• **Task prompt**
What's needed is an exact copy of all the data below, without pictures.

• **Data shown**
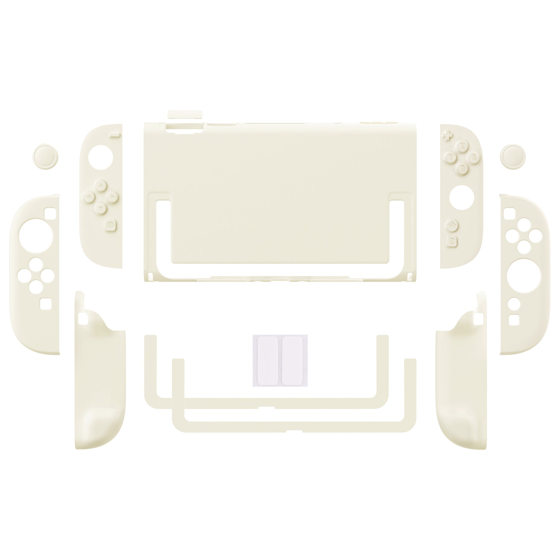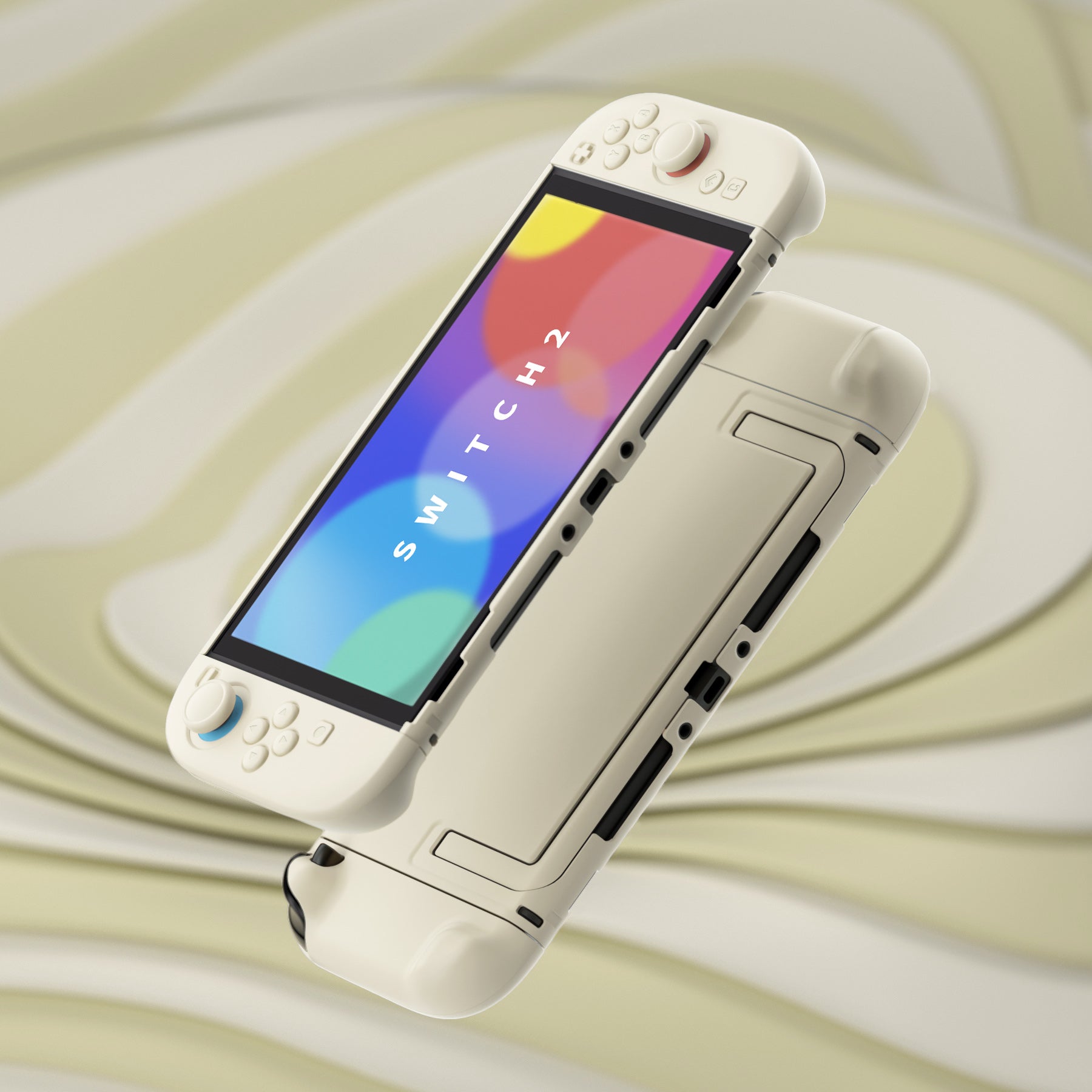 PlayVital Switch2対応 キュートな単色デザイン ハード保護ケース switch2背面キックスタンド使用可能ハードカバーケース 着装したままドック対応 キズ防止 耐衝撃 サムグリップ&ボタンキャップ&ステッカー付属【アイボリー】
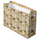 Des étiquettes noirs et blancs avec des fleurs d'or, des feuilles et du texte créent un beau collage d'objets sur le thème de Noël dans ce sac cadeau.
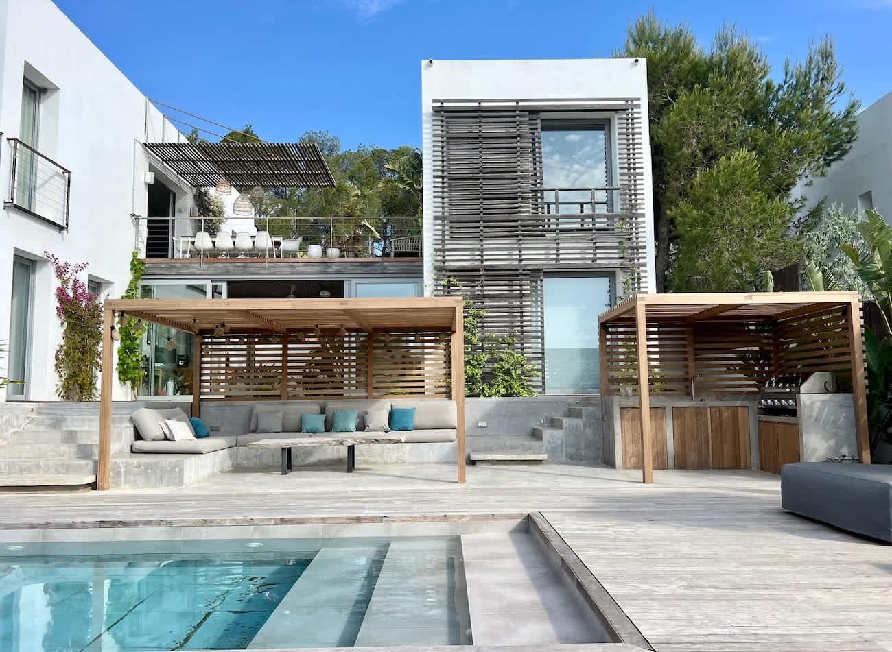- Private pool bar facing San Antonio’s sunset coast

• **Answer to the exercise**
 PlayVital Switch2対応 キュートな単色デザイン ハード保護ケース switch2背面キックスタンド使用可能ハードカバーケース 着装したままドック対応 キズ防止 耐衝撃 サムグリップ&ボタンキャップ&ステッカー付属【アイボリー】
 Des étiquettes noirs et blancs avec des fleurs d'or, des feuilles et du texte créent un beau collage d'objets sur le thème de Noël dans ce sac cadeau.
- Private pool bar facing San Antonio’s sunset coast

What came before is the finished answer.